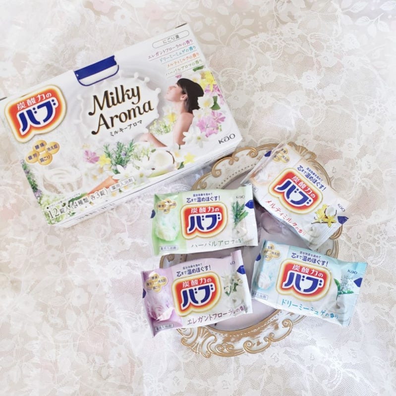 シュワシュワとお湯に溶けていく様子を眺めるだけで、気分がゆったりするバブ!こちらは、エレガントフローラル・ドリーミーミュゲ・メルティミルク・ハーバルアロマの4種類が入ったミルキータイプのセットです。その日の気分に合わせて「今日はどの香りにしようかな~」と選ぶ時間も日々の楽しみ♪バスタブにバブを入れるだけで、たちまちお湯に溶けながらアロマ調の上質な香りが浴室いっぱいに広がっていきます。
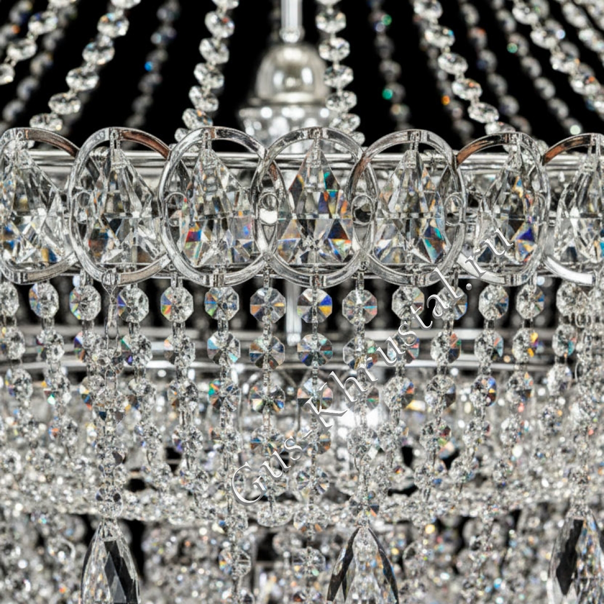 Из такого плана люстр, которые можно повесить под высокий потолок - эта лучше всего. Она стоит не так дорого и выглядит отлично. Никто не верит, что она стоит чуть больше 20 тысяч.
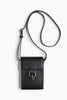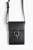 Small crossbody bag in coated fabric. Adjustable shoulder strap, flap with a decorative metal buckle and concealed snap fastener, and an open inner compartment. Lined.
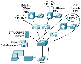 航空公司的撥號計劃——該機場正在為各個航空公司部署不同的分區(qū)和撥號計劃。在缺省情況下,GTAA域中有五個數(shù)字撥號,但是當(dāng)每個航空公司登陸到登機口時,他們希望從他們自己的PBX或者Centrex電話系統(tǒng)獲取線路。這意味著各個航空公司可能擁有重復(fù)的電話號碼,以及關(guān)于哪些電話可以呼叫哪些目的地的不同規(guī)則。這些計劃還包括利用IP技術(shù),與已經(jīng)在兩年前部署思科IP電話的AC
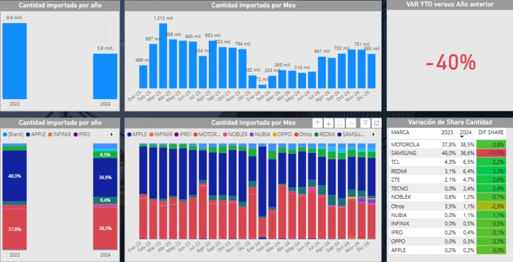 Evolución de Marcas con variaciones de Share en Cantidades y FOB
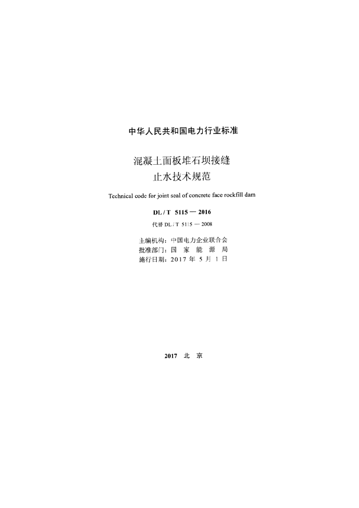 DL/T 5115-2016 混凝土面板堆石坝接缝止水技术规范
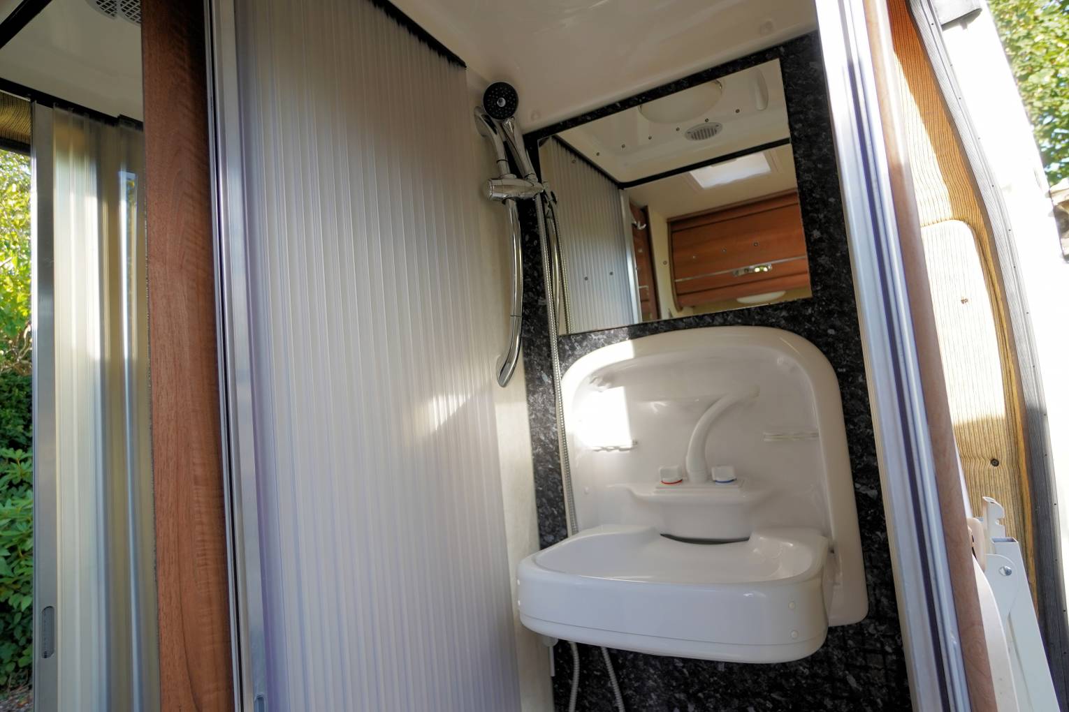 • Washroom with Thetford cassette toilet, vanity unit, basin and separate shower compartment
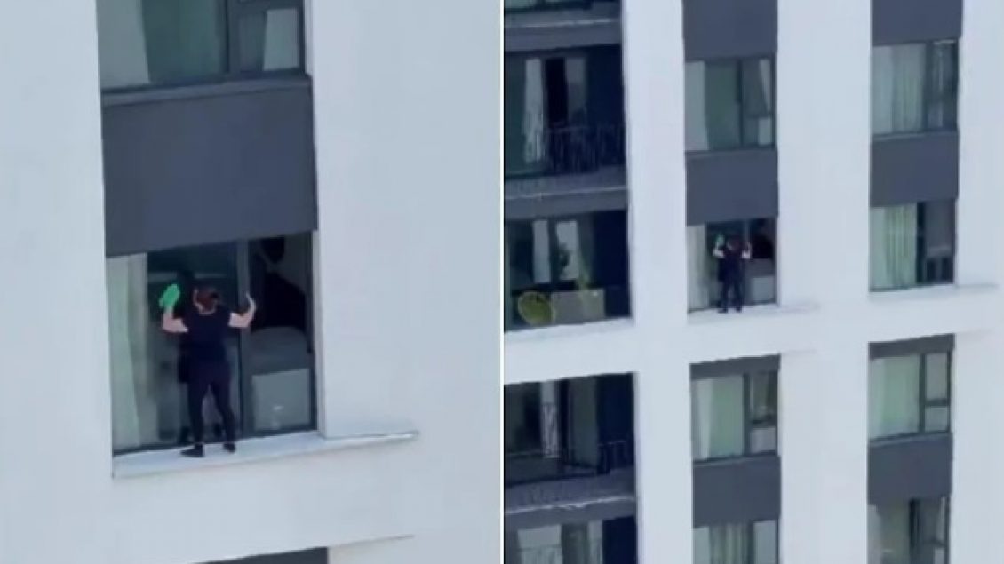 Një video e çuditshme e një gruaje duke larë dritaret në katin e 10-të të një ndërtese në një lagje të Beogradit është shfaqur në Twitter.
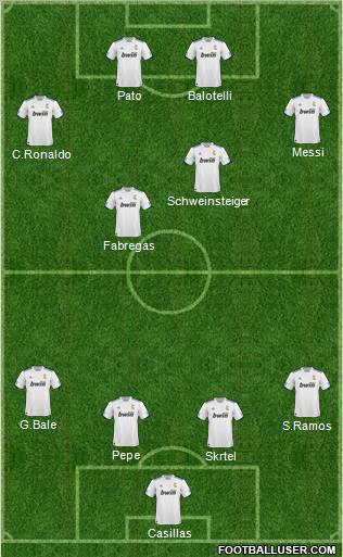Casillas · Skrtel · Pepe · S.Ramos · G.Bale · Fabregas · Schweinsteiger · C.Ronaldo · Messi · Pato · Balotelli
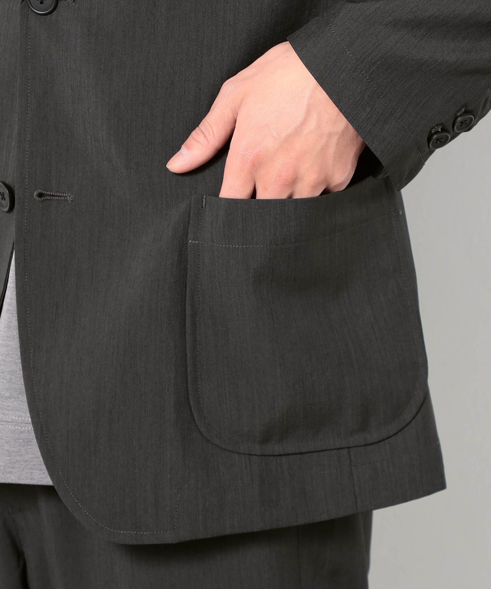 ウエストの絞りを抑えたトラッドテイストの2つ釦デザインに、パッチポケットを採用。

================================

Task directions - Leave out the pictures. Return exactly the lines from the first line of the records to the line bearing "Small crossbody bag", inclusive.

Exercise output -
 シュワシュワとお湯に溶けていく様子を眺めるだけで、気分がゆったりするバブ!こちらは、エレガントフローラル・ドリーミーミュゲ・メルティミルク・ハーバルアロマの4種類が入ったミルキータイプのセットです。その日の気分に合わせて「今日はどの香りにしようかな~」と選ぶ時間も日々の楽しみ♪バスタブにバブを入れるだけで、たちまちお湯に溶けながらアロマ調の上質な香りが浴室いっぱいに広がっていきます。
 Из такого плана люстр, которые можно повесить под высокий потолок - эта лучше всего. Она стоит не так дорого и выглядит отлично. Никто не верит, что она стоит чуть больше 20 тысяч.
 Small crossbody bag in coated fabric. Adjustable shoulder strap, flap with a decorative metal buckle and concealed snap fastener, and an open inner compartment. Lined.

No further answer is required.